When Mark drives Basha to a dinner party as a friendly gesture after being absent for nearly three months, Popoy misunderstands their relationship and thinks they are a couple, leading to tension. Later, Popoy and Basha are in better places: Popoy is now with Trisha, and Basha is thriving in her career. Popoy's aunt, Edith, and her fiancé, Willie, return from the United States, wanting Popoy and Basha to fulfill their promise of building their dream house together. This forces Popoy and Basha to work closely, and while they remain civil, their proximity rekindles some feelings in both.

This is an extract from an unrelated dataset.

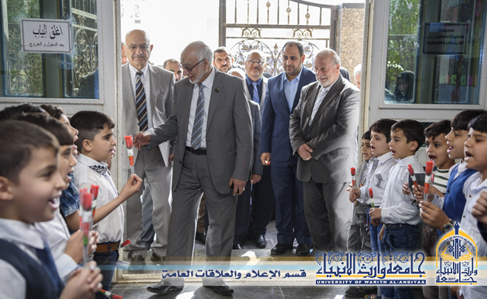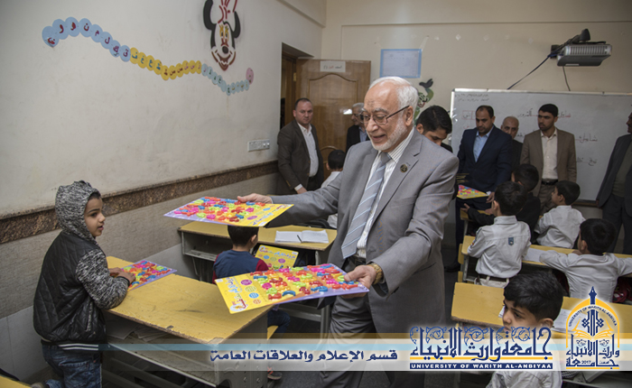 من اجل دعم مسيرة رعاية الايتام والمساهمة في بناء شخصية الطالب الجامعي زار وفد من اساتذة وطلبة جامعة وارث الانبياء مدارس علي الاصغر والسيدة رقية (عليهما السلام)للايتام، وقال الاستاذ الدكتور طالب حسن موسى رئيس الجامعة ان الاطفال الايتام هم مستقبلنا في العراق وهذه الزيارة هي بداية الطريق من اجل تعاون اوثق مع هذه الشريحة المهمة ، وعبر طلبة الجامعة بان هذه الزيارة جائت بمثابة العرفان لأيتام الشهداء الذي ضحو عن الوطن والمقدسات وان الاهتمام بهم واجب علينا جميعا

The circumstances surrounding their mutual friends push Popoy and Basha to face more pain and anger about their breakup. When Basha delivers the final design plans for Edith and Willie's house to Popoy's apartment, she apologizes for breaking his heart, and they end up spending the night together. At Mark's wedding, Basha expresses regret over hurting Popoy, and Mark reassures her that breaking up was the right decision, as couples sometimes need to grow independently. Meanwhile, Trisha realizes Popoy has not moved on from Basha. Popoy admits he still loves Basha despite being in a relationship with Trisha, leading to their breakup.

Popoy turns to his friends, Krizzy and Kenneth, who help him realize that his breakup with Basha was hard on both of them. They point out that Basha bravely faced the problems in their relationship. Popoy admits he never stopped loving Basha but wonders if love is enough. Later, Popoy and Basha meet at their old university, and Popoy shares that he is going to Qatar for a two-year work contract. He reveals that Trisha broke up with him, and Basha apologizes. Popoy admits he should be the one apologizing for not giving her what she needed. He decides to find himself and what he lost in his heartbreak. They part as friends.

Two years later, Basha is seen working at a construction site when Popoy approaches her and asks her out for coffee and dinner. Basha accepts.

==Cast==
===Main cast===
- John Lloyd Cruz as Popoy
- Bea Alonzo as Basha

===Supporting cast===
- Derek Ramsay as Mark
- Maja Salvador as Trisha
- Lauren Young as Bernice
- Dimples Romana as Krizzy
- Bea Saw as Anj
- James Blanco as Kenneth
- Janus del Prado as Chinno
- Ahron Villena as JP
- Nanette Inventor as Nanay Edith
- Al Tantay as Tito Willie
- Bodjie Pascua as Sir Bert
- Nikki Gil as Helen
- Melissa Mendez as Elvie
- Shamaine Buencamino as Rose
- Robert Woods as Francis
- Gee Canlas as Cathy

==Reception==
===Accolades===

Accolades received by One More Chance
| Award | Category | Recipient(s) | Result | Ref. |
| 38th GMMSF Box-Office Entertainment Awards | Box-Office King | John Lloyd Cruz | Won |  |
| Box-Office Queen | Bea Alonzo | Won |
| Most Popular Film Director | Cathy Garcia Molina | Won |
| Most Popular Screenwriters | Carmi Raymundo and Vanessa Valdez | Won |
| 5th ENPRESS Golden Screen Awards | Best Performance by an Actor in a Lead Role (Drama) | John Lloyd Cruz | Won |  |
| 24th PMPC Star Awards for Movies | Movie Director of the Year | Cathy Garcia-Molina | Won |  |
| Movie of the Year | One More Chance | Won |
| Movie Editor of the Year | Marya Ignacio (Technical Director) | Won |
| Movie Cinematographer of the Year | Manuel Teehankee | Won |

==Legacy==
The continued popularity of One More Chance among Filipino audiences since the film's release led to a novel adaptation that was released in June 2015. Two months later, Star Cinema confirmed that a sequel to the film would be released. The sequel, A Second Chance, was released on November 25, 2015, with Garcia-Molina returning as director, and Cruz and Alonzo reprising their roles. A musical adaptation was announced in January 2024 and ran from April 12 to June 16.

In the 2014 movie That Thing Called Tadhana, the final scene of the movie appeared on an airplane scene; Angelica Panganiban's character tries to stop a flight attendant from giving her a tissue, saying "Hindi ko kailangan ng tissue. I don't need tissue! Please stop judging me!" ("I don't need it. I. Don't. Need. Tissue. So please stop judging me!").

On April 12, 2024, Philippine Educational Theater Association, with co-presenters Robinsons Malls and Metrobank, produced One More Chance, The Musical, the theatrical adaptation of One More Chance that features the songs of the 9-piece folk-pop band Ben&Ben.